WHAT TO WORK ON: Apart from the pictures, output all of the records exactly.

++++ RECORDS TO PROCESS ++++

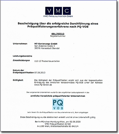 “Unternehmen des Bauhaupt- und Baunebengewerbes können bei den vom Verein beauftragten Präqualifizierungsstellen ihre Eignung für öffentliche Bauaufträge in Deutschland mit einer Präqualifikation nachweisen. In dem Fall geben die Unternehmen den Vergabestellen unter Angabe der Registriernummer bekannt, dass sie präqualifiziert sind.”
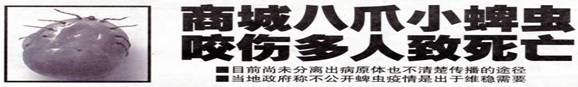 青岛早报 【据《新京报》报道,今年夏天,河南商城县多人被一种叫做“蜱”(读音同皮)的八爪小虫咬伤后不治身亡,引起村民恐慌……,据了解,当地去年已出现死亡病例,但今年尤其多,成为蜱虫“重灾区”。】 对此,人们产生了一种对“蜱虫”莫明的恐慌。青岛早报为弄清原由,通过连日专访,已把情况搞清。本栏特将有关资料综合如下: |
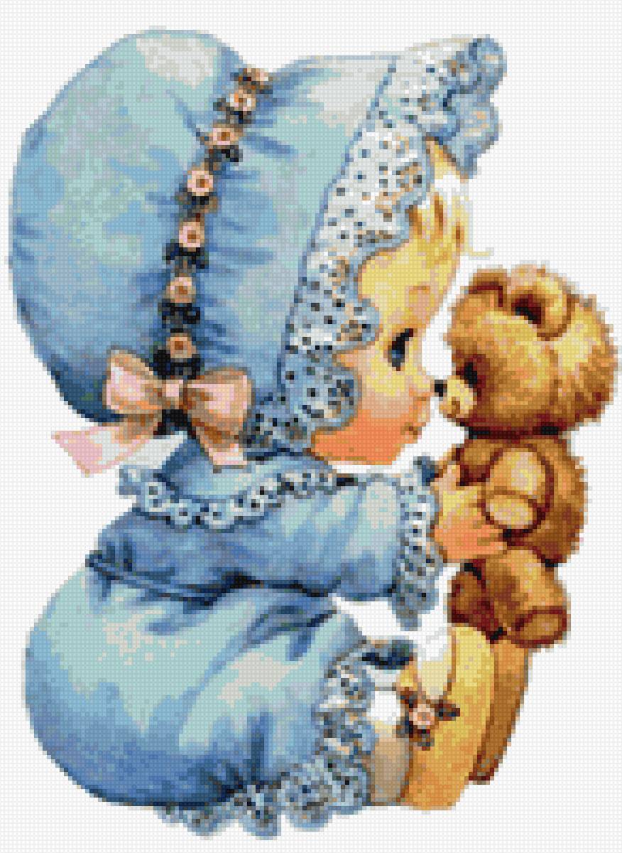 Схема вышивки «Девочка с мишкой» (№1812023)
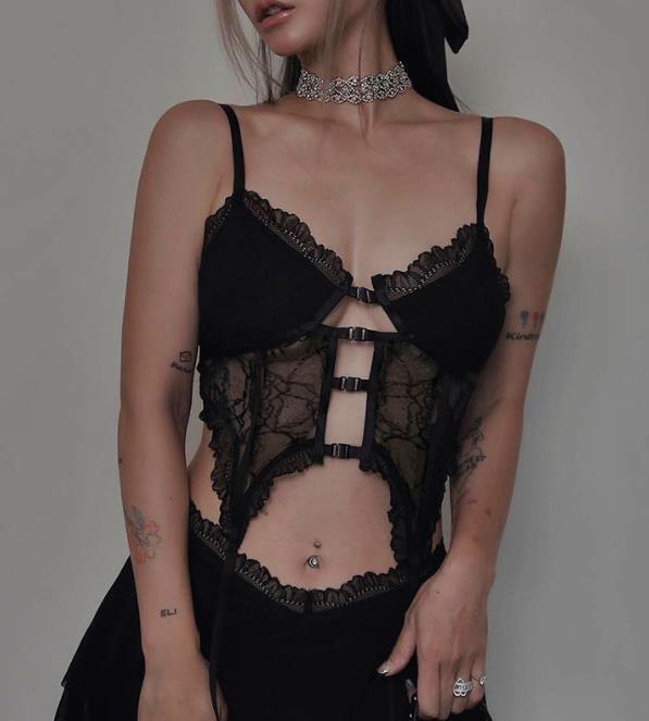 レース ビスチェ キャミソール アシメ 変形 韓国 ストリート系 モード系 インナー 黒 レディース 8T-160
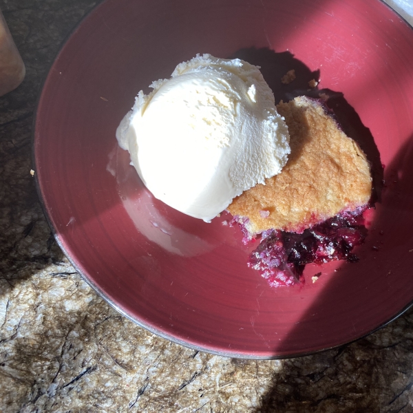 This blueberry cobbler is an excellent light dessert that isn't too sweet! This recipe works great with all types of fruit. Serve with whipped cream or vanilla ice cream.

++++

EXPECTED ANSWER:
 “Unternehmen des Bauhaupt- und Baunebengewerbes können bei den vom Verein beauftragten Präqualifizierungsstellen ihre Eignung für öffentliche Bauaufträge in Deutschland mit einer Präqualifikation nachweisen. In dem Fall geben die Unternehmen den Vergabestellen unter Angabe der Registriernummer bekannt, dass sie präqualifiziert sind.”
 青岛早报 【据《新京报》报道,今年夏天,河南商城县多人被一种叫做“蜱”(读音同皮)的八爪小虫咬伤后不治身亡,引起村民恐慌……,据了解,当地去年已出现死亡病例,但今年尤其多,成为蜱虫“重灾区”。】 对此,人们产生了一种对“蜱虫”莫明的恐慌。青岛早报为弄清原由,通过连日专访,已把情况搞清。本栏特将有关资料综合如下: |
 Схема вышивки «Девочка с мишкой» (№1812023)
 レース ビスチェ キャミソール アシメ 変形 韓国 ストリート系 モード系 インナー 黒 レディース 8T-160
 This blueberry cobbler is an excellent light dessert that isn't too sweet! This recipe works great with all types of fruit. Serve with whipped cream or vanilla ice cream.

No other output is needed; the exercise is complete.